For good prices on gowns and skullcaps, find the 'Chopon Bozor' section opposite Jar Fitness Centre, and between the dome and the Kukeldash Madrassah, built in the mid-16th century by the ruler's vizier, Kukeldash. After secular use as a Soviet warehouse and museum, the madrassah is reasserting a religious role as money from neighbouring malhalla restores the collapsed second storey, corner minarets and brightly tiled facade. Ask permission to view the inner courtyard of 38 student cells (hujra) that accommodate over 250 young men on three-year courses of Islamic study. Friday prayers take place at the adjacent, recently renovatedjummi Mosque, first built by influential Islamic leader Khodja Akrar (1404-1492). This area formerly marked the city centre or Registan ('sandy place'), where public executions were held. Until the revolution, unfaithful wives were sewn into sacks and dashed to their deaths from the madrassah's 20-metre-high minarets.
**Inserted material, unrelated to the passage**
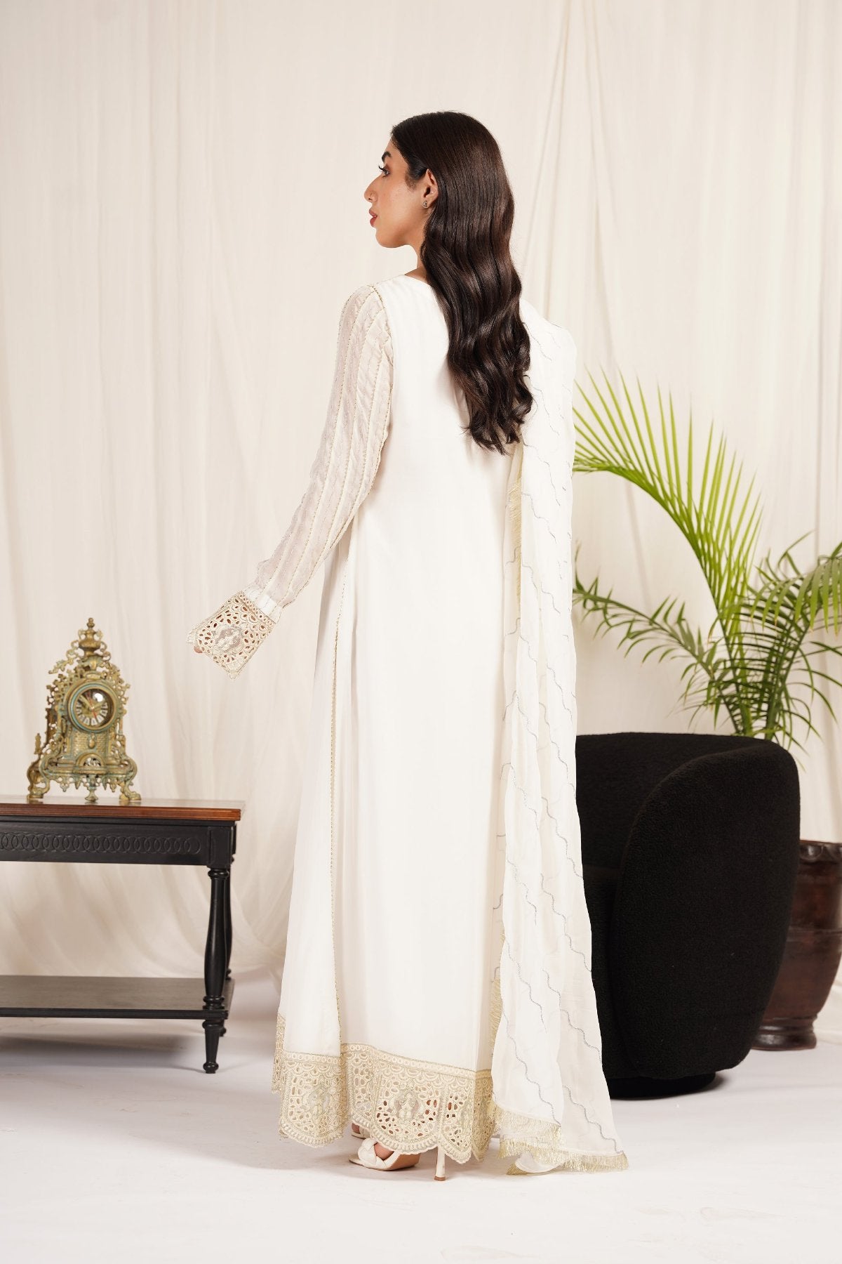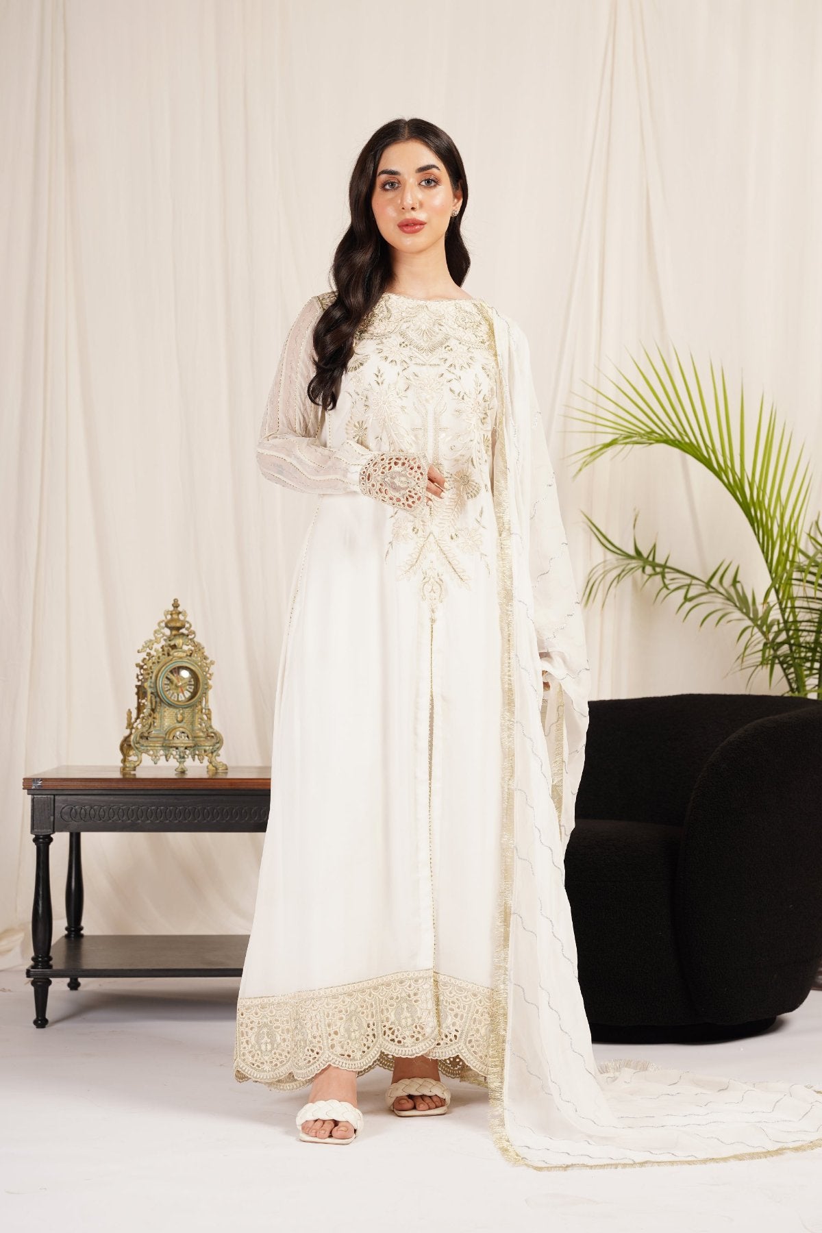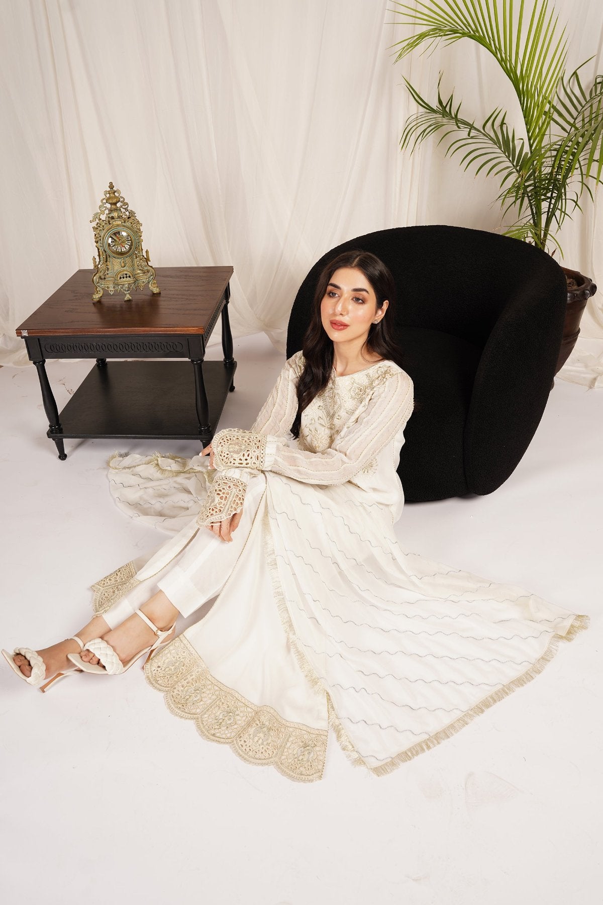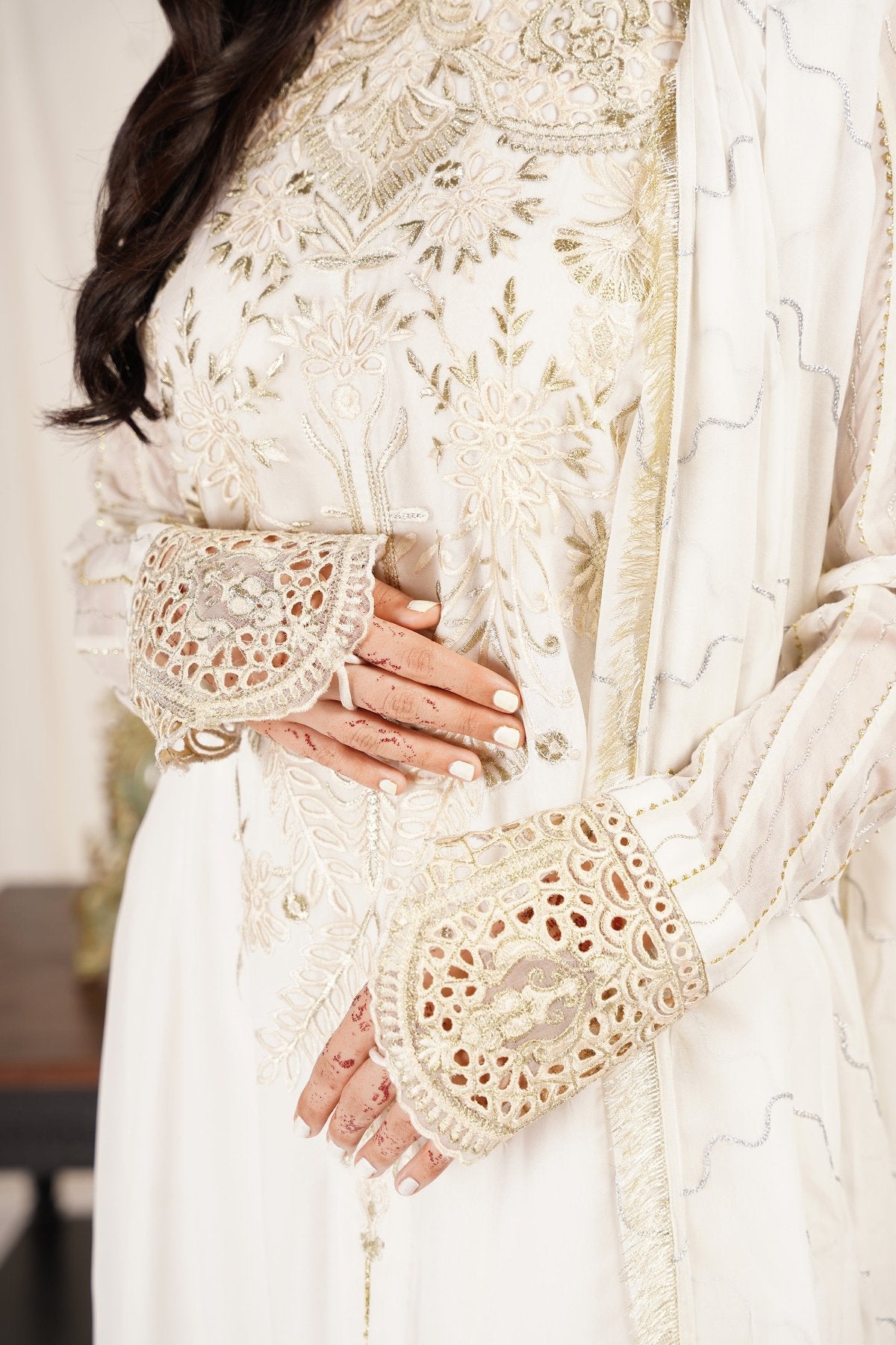 This gorgeous white chiffon suit is finished off with tila work on the sleeves and beautiful embroidery on the neckline, with straight pants adding to its allure. An ideal ensemble for any season. Immersed in the opulent fabric of customs, each element is crafted with affection and legacy.

North of the bazaar is a strange new ziggurat-shaped observation platform that offers city views over Chorsu and the old town. Just behind is the shopping-mall-style Centre of National Arts, whose upper floors contain some top-end craft shops and one of the city's top exhibition spaces.

Hard-core explorers can head five bus slops up Uyg'ur St to No. 372 and the Sheikh Zainutdin-Bobo Mosque and Mausoleum ensemble, the 16th century remains of an extensive cemetery.